From mboxrd@z Thu Jan  1 00:00:00 1970
Return-Path: <linux-kernel-owner@vger.kernel.org>
Received: (majordomo@vger.kernel.org) by vger.kernel.org via listexpand
	id S932842Ab3BKWkD (ORCPT <rfc822;w@1wt.eu>);
	Mon, 11 Feb 2013 17:40:03 -0500
Received: from zene.cmpxchg.org ([85.214.230.12]:39606 "EHLO zene.cmpxchg.org"
	rhost-flags-OK-OK-OK-OK) by vger.kernel.org with ESMTP
	id S932641Ab3BKWkA (ORCPT <rfc822;linux-kernel@vger.kernel.org>);
	Mon, 11 Feb 2013 17:40:00 -0500
Date: Mon, 11 Feb 2013 17:39:43 -0500
From: Johannes Weiner <hannes@cmpxchg.org>
To: Michal Hocko <mhocko@suse.cz>
Cc: linux-mm@kvack.org, linux-kernel@vger.kernel.org,
        KAMEZAWA Hiroyuki <kamezawa.hiroyu@jp.fujitsu.com>,
        Ying Han <yinghan@google.com>, Tejun Heo <htejun@gmail.com>,
        Glauber Costa <glommer@parallels.com>, Li Zefan <lizefan@huawei.com>
Subject: Re: [PATCH v3 4/7] memcg: remove memcg from the reclaim iterators
Message-ID: <20130211223943.GC15951@cmpxchg.org>
References: <1357235661-29564-1-git-send-email-mhocko@suse.cz>
 <1357235661-29564-5-git-send-email-mhocko@suse.cz>
 <20130208193318.GA15951@cmpxchg.org>
 <20130211151649.GD19922@dhcp22.suse.cz>
 <20130211175619.GC13218@cmpxchg.org>
 <20130211192929.GB29000@dhcp22.suse.cz>
 <20130211195824.GB15951@cmpxchg.org>
 <20130211212756.GC29000@dhcp22.suse.cz>
MIME-Version: 1.0
Content-Type: text/plain; charset=us-ascii
Content-Disposition: inline
In-Reply-To: <20130211212756.GC29000@dhcp22.suse.cz>
Sender: linux-kernel-owner@vger.kernel.org
List-ID: <linux-kernel.vger.kernel.org>
X-Mailing-List: linux-kernel@vger.kernel.org

On Mon, Feb 11, 2013 at 10:27:56PM +0100, Michal Hocko wrote:
> On Mon 11-02-13 14:58:24, Johannes Weiner wrote:
> > On Mon, Feb 11, 2013 at 08:29:29PM +0100, Michal Hocko wrote:
> > > On Mon 11-02-13 12:56:19, Johannes Weiner wrote:
> > > > On Mon, Feb 11, 2013 at 04:16:49PM +0100, Michal Hocko wrote:
> > > > > Maybe we could keep the counter per memcg but that would mean that we
> > > > > would need to go up the hierarchy as well. We wouldn't have to go over
> > > > > node-zone-priority cleanup so it would be much more lightweight.
> > > > > 
> > > > > I am not sure this is necessarily better than explicit cleanup because
> > > > > it brings yet another kind of generation number to the game but I guess
> > > > > I can live with it if people really thing the relaxed way is much
> > > > > better.
> > > > > What do you think about the patch below (untested yet)?
> > > > 
> > > > Better, but I think you can get rid of both locks:
> > > 
> > > What is the other lock you have in mind.
> > 
> > The iter lock itself.  I mean, multiple reclaimers can still race but
> > there won't be any corruption (if you make iter->dead_count a long,
> > setting it happens atomically, we nly need the memcg->dead_count to be
> > an atomic because of the inc) and the worst that could happen is that
> > a reclaim starts at the wrong point in hierarchy, right?
> 
> The lack of synchronization basically means that 2 parallel reclaimers
> can reclaim every group exactly once (ideally) or up to each group
> twice in the worst case.
> So the exclusion was quite comfortable.

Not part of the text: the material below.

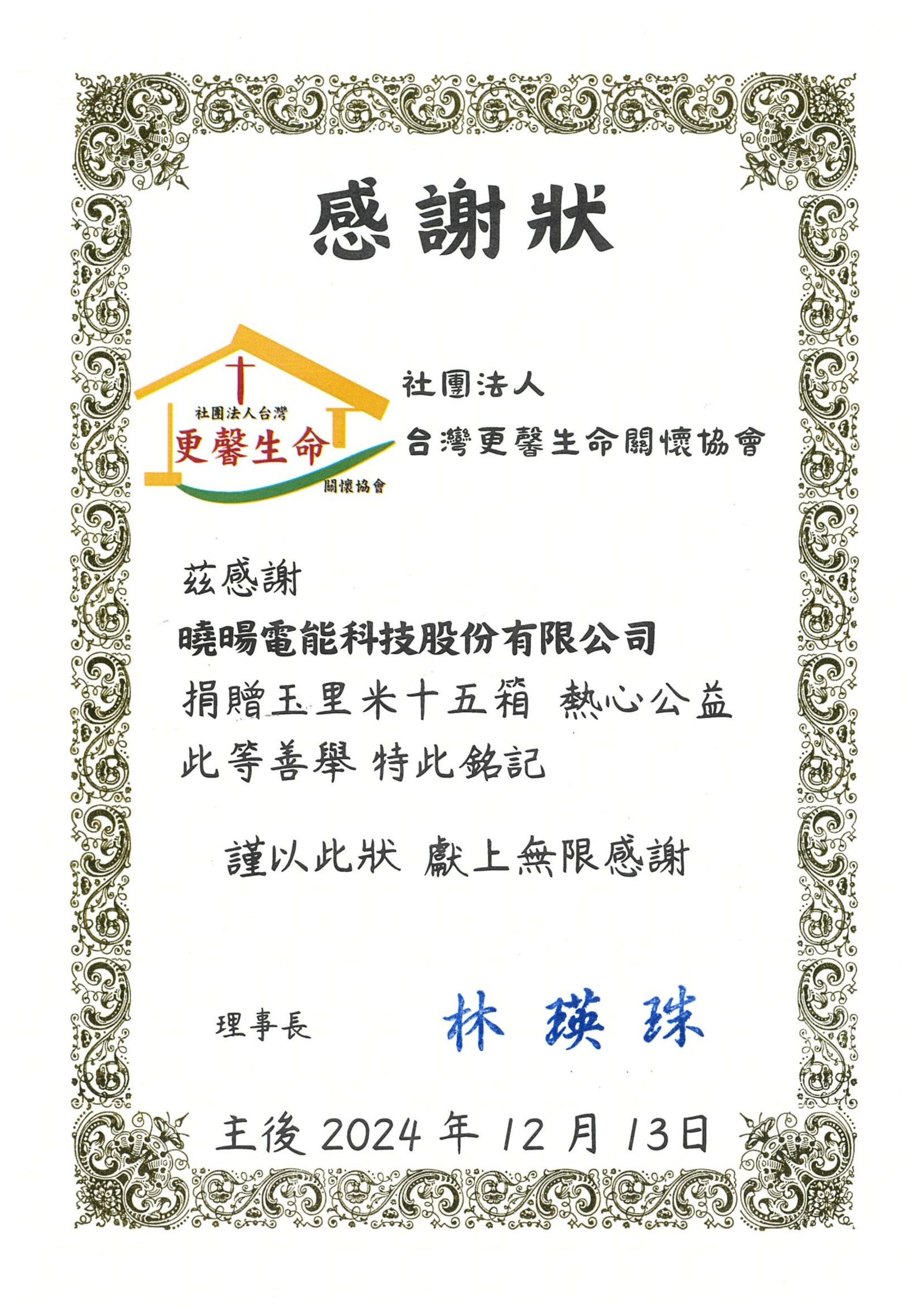 曉暘電能科技將持續投入環境友善與在地共好,願這份溫柔的力量,在社會中悄然生根,綻放希望的稻穗。

It's quite unlikely, though.  Don't forget that they actually reclaim
in between, I just can't see them line up perfectly and race to the
iterator at the same time repeatedly.  It's more likely to happen at
the higher priority levels where less reclaim happens, and then it's
not a big deal anyway.  With lower priority levels, when the glitches
would be more problematic, they also become even less likely.

> > But as you said in the changelog that introduced the lock, it's never
> > actually been a practical problem.
> 
> That is true but those bugs would be subtle though so I wouldn't be
> opposed to prevent from them before we get burnt. But if you think that
> we should keep the previous semantic I can drop that patch.

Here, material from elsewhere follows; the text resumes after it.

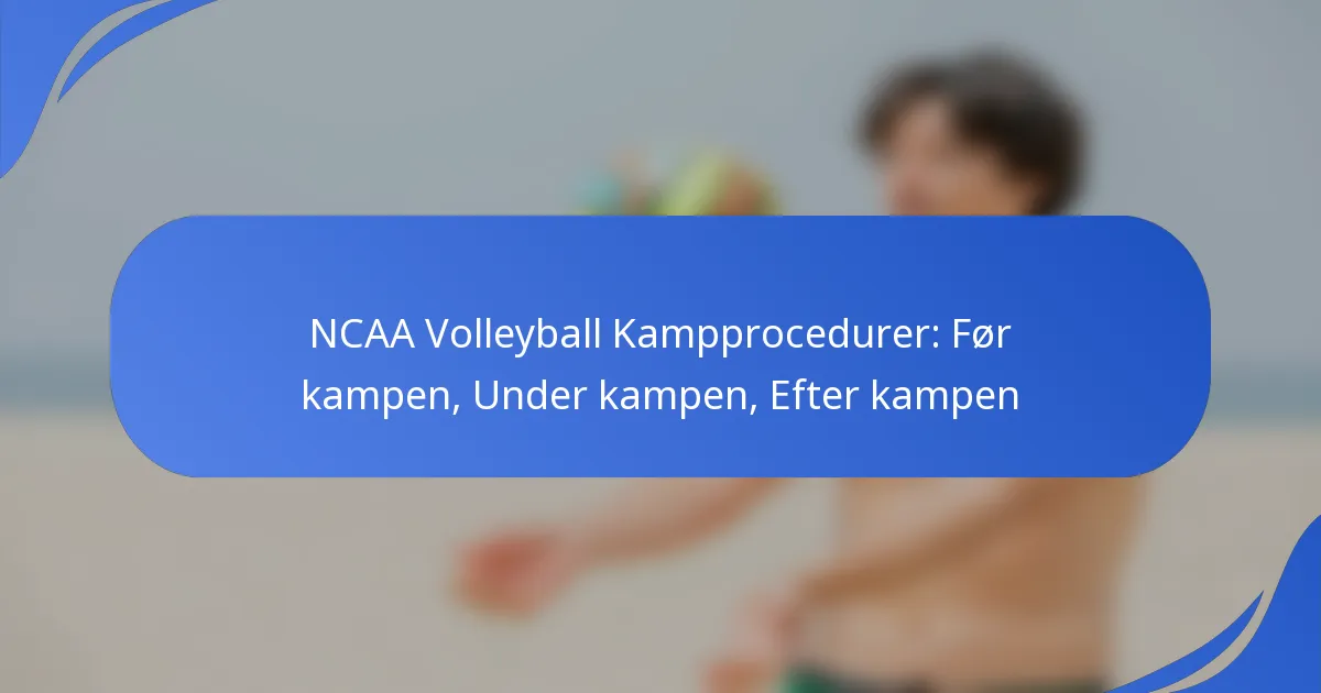 NCAA volleyballkampprocedurer omfatter essentielle skridt før, under og efter kampen for at sikre en problemfri oplevelse for spillere og fans. Forberedelsesaktiviteter fokuserer på opvarmning og præsentation af holdene, mens procedurerne under kampen opretholder fair play og glidende operationer. Procedurerne efter kampen letter en professionel afslutning, herunder spillernes opførsel og medieinteraktioner.

I just think that the problem is unlikely and not that big of a deal.

> > You just need to put the wmb back in place, so that we never see the
> > dead_count give the green light while the cached position is stale, or
> > we'll tryget random memory.
> > 
> > > > mem_cgroup_iter:
> > > > rcu_read_lock()
> > > > if atomic_read(&root->dead_count) == iter->dead_count:
> > > >   smp_rmb()
> > > >   if tryget(iter->position):
> > > >     position = iter->position
> > > > memcg = find_next(postion)
> > > > css_put(position)
> > > > iter->position = memcg
> > > > smp_wmb() /* Write position cache BEFORE marking it uptodate */
> > > > iter->dead_count = atomic_read(&root->dead_count)
> > > > rcu_read_unlock()
> > > 
> > > Updated patch bellow:
> > 
> > Cool, thanks.  I hope you don't find it too ugly anymore :-)
> 
> It's getting trick and you know how people love when you have to play
> and rely on atomics with memory barriers...

My bumper sticker reads "I don't believe in mutual exclusion" (the
kernel hacker's version of smile for the red light camera).

I mean, you were the one complaining about the lock...

> > That way, if the dead count gives the go-ahead, you KNOW that the
> > position cache is valid, because it has been updated first.
> 
> OK, you are right. We can live without css_tryget because dead_count is
> either OK which means that css would be alive at least this rcu period
> (and RCU walk would be safe as well) or it is incremented which means
> that we have started css_offline already and then css is dead already.
> So css_tryget can be dropped.

Not quite :)

The dead_count check is for completed destructions, but the try_get is
needed to detect a race with an ongoing destruction.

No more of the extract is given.